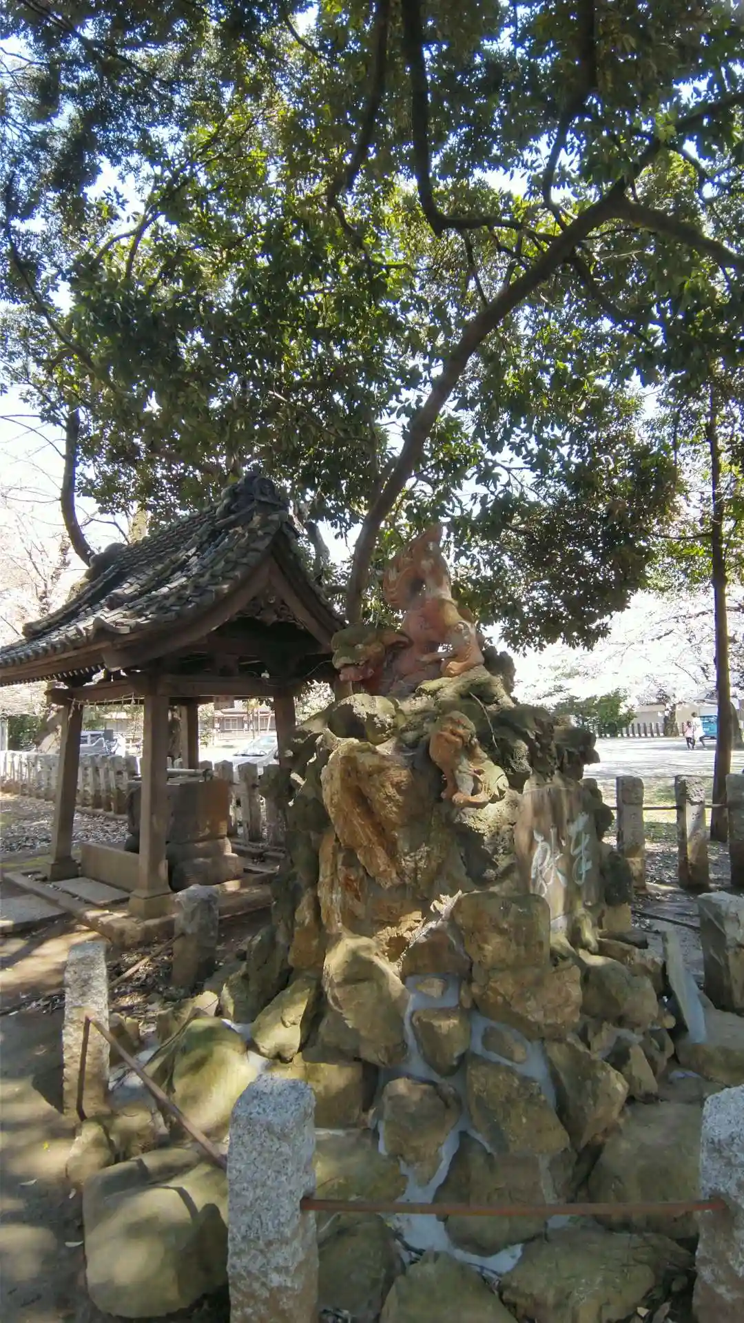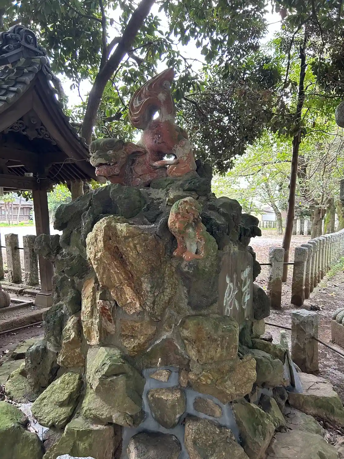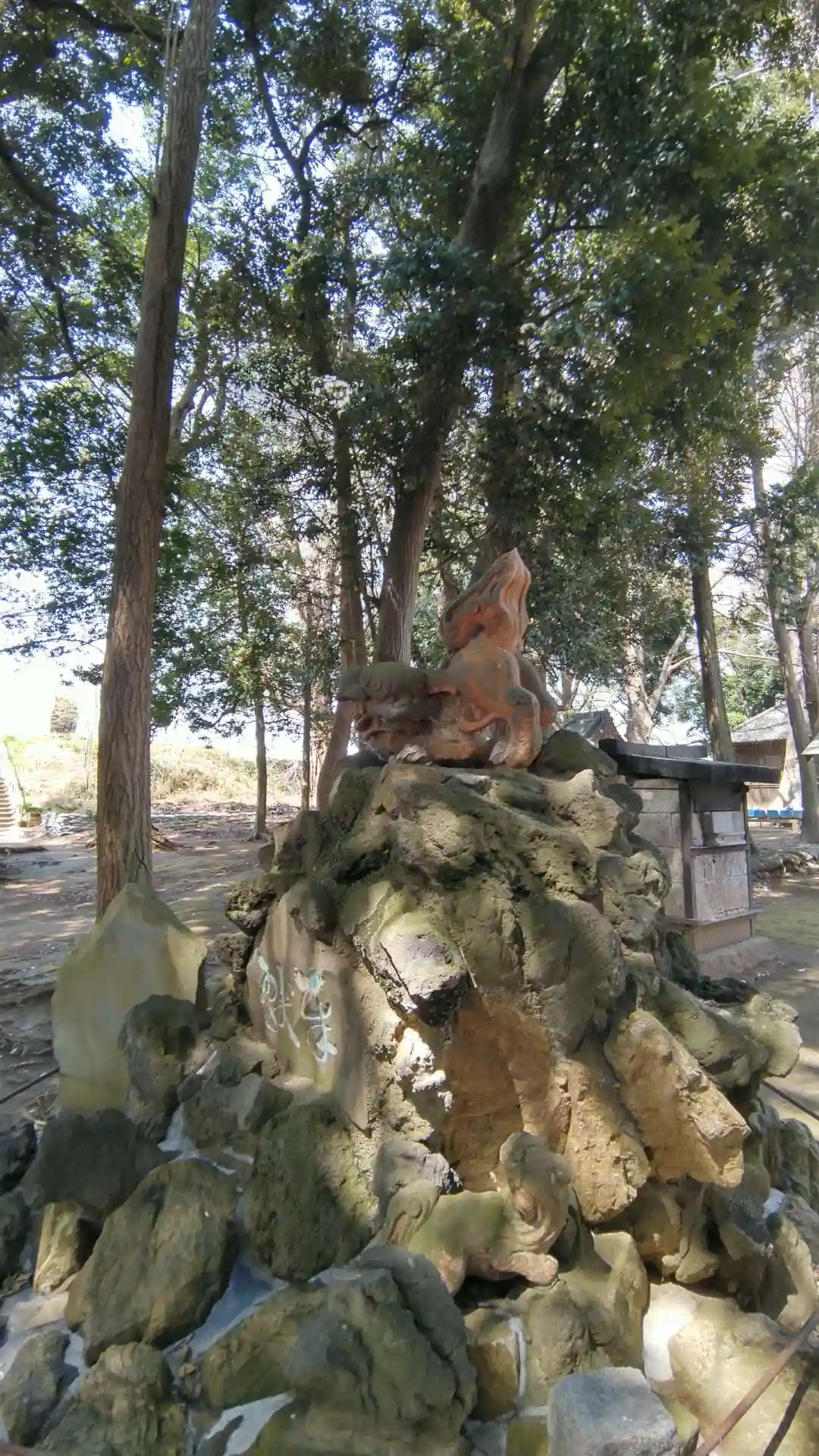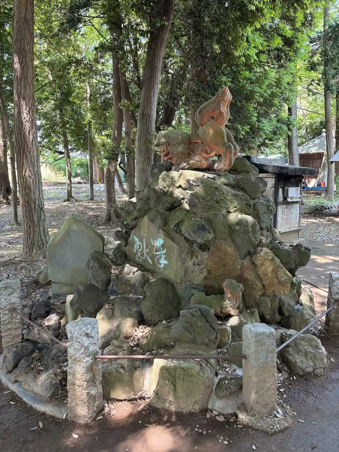 曲がった先。左右に狛犬。岩のうえに何体か狛犬がいるのです
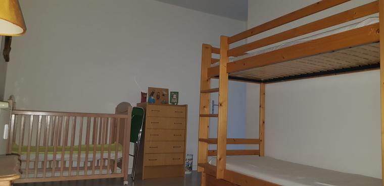 Une chambre avec 2 lits de 90, un lit superposé avec deux couchages en 80 et un lit bébé;
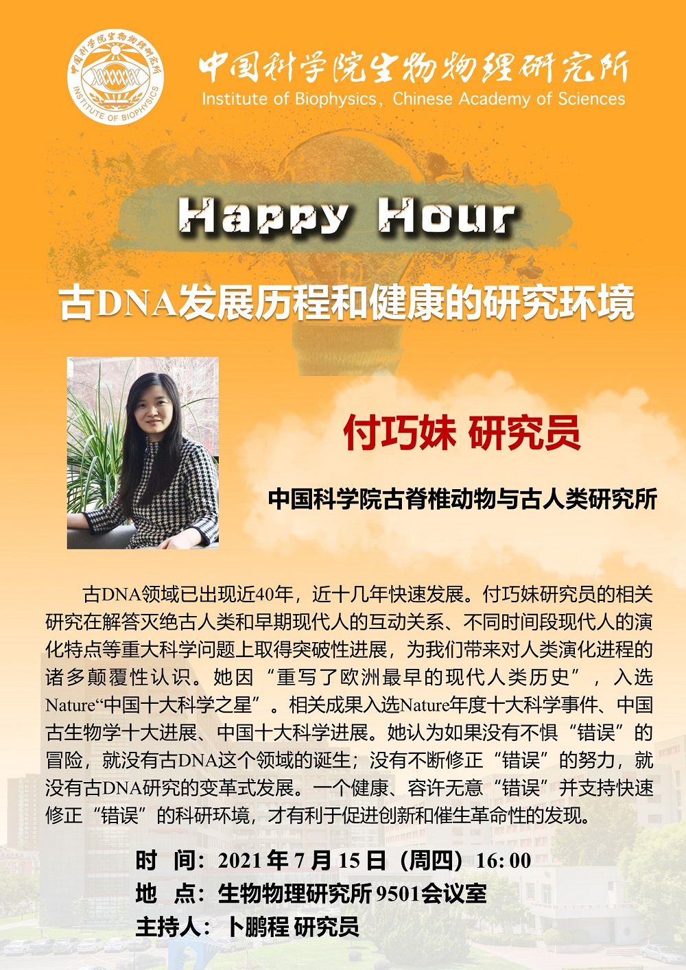 2021年7月15日下午16:00 Happy Hour:古DNA发展历程和健康的研究环境
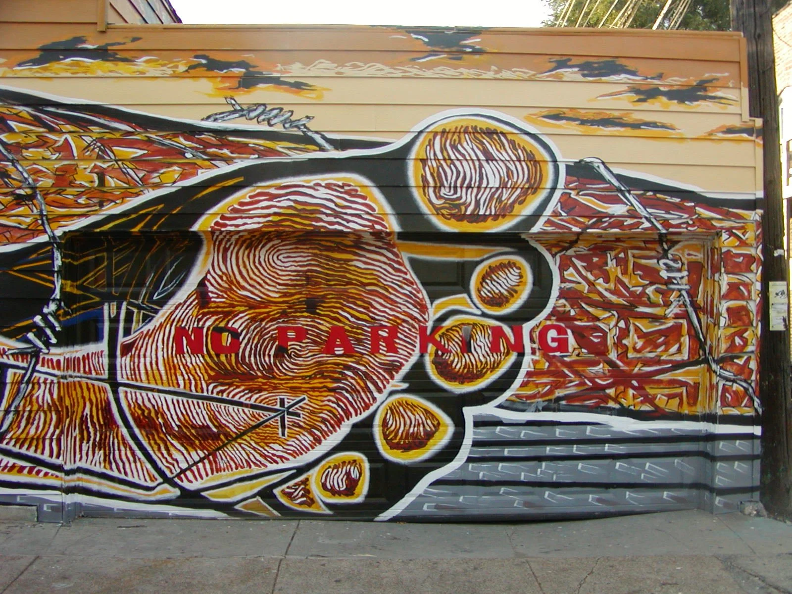 Other symbols/images in the mural include a reference to the torture of Aztec emperor Cuauhtémoc at the hands of Spanish conquerors, who burned Cuauhtémoc's feet. The fingerprint-like lines present on the sole of the foot have marked Duarte's studio work and suggest issues of identity or perhaps criminality. The mask worn by the giant transforms him and obscures who he is.

--------------------

▸ WORK INSTRUCTIONS
Each line from the one that holds "2021年7月15日下午16:00 Happy Hour:古DNA发展历程和健康的研究环境" through the end of the material should be repeated exactly, and nothing more. Leave out any picture.

▸ EXPECTED OUTPUT
 2021年7月15日下午16:00 Happy Hour:古DNA发展历程和健康的研究环境
 Other symbols/images in the mural include a reference to the torture of Aztec emperor Cuauhtémoc at the hands of Spanish conquerors, who burned Cuauhtémoc's feet. The fingerprint-like lines present on the sole of the foot have marked Duarte's studio work and suggest issues of identity or perhaps criminality. The mask worn by the giant transforms him and obscures who he is.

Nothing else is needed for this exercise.